--- Excerpted data Enclosed Below ---

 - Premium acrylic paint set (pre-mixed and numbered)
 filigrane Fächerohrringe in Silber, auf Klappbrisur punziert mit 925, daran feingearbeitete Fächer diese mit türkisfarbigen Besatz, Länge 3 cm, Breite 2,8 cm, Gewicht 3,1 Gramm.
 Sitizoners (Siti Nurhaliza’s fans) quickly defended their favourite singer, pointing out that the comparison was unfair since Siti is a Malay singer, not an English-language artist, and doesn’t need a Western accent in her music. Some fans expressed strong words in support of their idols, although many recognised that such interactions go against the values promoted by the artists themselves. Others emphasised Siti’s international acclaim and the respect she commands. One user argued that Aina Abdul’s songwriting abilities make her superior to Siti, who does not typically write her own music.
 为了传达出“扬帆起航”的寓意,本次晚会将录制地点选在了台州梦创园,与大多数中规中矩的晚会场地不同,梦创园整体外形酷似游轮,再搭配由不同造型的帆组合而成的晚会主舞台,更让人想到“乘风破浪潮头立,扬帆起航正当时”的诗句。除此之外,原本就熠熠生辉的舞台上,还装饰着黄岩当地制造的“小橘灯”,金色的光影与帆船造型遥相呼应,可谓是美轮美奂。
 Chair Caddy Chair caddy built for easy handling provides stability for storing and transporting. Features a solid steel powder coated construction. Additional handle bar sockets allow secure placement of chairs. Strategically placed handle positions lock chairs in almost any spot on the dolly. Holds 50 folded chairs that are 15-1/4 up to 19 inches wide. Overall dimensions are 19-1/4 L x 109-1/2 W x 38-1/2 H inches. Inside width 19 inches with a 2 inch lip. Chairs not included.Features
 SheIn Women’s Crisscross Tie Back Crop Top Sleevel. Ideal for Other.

--- End of Enclosed Excerpted data ---
--- Excerpted data Enclosed Below ---

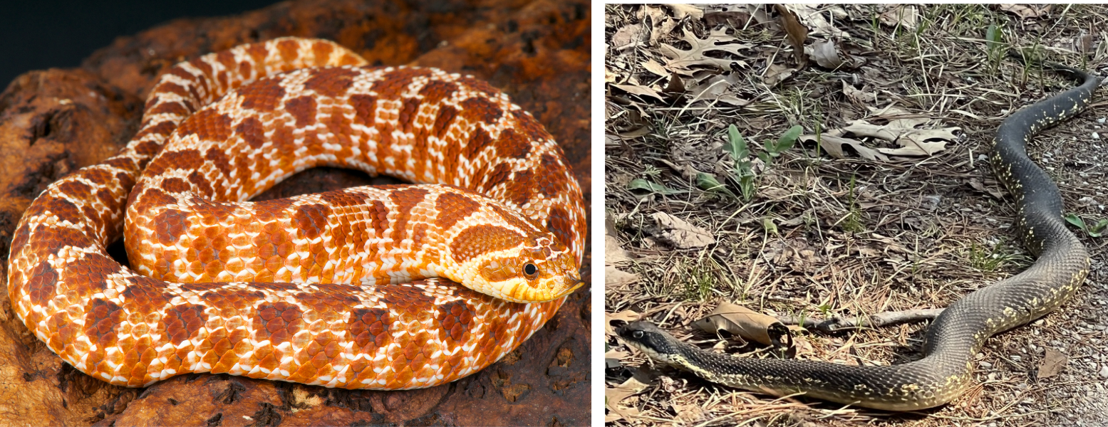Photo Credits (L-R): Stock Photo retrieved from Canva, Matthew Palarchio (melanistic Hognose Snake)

--- End of Enclosed Excerpted data ---
--- Excerpted data Enclosed Below ---

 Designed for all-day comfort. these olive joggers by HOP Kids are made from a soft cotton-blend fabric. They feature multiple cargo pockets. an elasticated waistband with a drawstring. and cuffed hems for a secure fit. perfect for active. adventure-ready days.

--- End of Enclosed Excerpted data ---

Directions for this task: Once the line with "- Premium acrylic" is found in the records above, print exactly that line and every line after it through the line with "SheIn Women’s Crisscross".

Exercise solution:
 - Premium acrylic paint set (pre-mixed and numbered)
 filigrane Fächerohrringe in Silber, auf Klappbrisur punziert mit 925, daran feingearbeitete Fächer diese mit türkisfarbigen Besatz, Länge 3 cm, Breite 2,8 cm, Gewicht 3,1 Gramm.
 Sitizoners (Siti Nurhaliza’s fans) quickly defended their favourite singer, pointing out that the comparison was unfair since Siti is a Malay singer, not an English-language artist, and doesn’t need a Western accent in her music. Some fans expressed strong words in support of their idols, although many recognised that such interactions go against the values promoted by the artists themselves. Others emphasised Siti’s international acclaim and the respect she commands. One user argued that Aina Abdul’s songwriting abilities make her superior to Siti, who does not typically write her own music.
 为了传达出“扬帆起航”的寓意,本次晚会将录制地点选在了台州梦创园,与大多数中规中矩的晚会场地不同,梦创园整体外形酷似游轮,再搭配由不同造型的帆组合而成的晚会主舞台,更让人想到“乘风破浪潮头立,扬帆起航正当时”的诗句。除此之外,原本就熠熠生辉的舞台上,还装饰着黄岩当地制造的“小橘灯”,金色的光影与帆船造型遥相呼应,可谓是美轮美奂。
 Chair Caddy Chair caddy built for easy handling provides stability for storing and transporting. Features a solid steel powder coated construction. Additional handle bar sockets allow secure placement of chairs. Strategically placed handle positions lock chairs in almost any spot on the dolly. Holds 50 folded chairs that are 15-1/4 up to 19 inches wide. Overall dimensions are 19-1/4 L x 109-1/2 W x 38-1/2 H inches. Inside width 19 inches with a 2 inch lip. Chairs not included.Features
 SheIn Women’s Crisscross Tie Back Crop Top Sleevel. Ideal for Other.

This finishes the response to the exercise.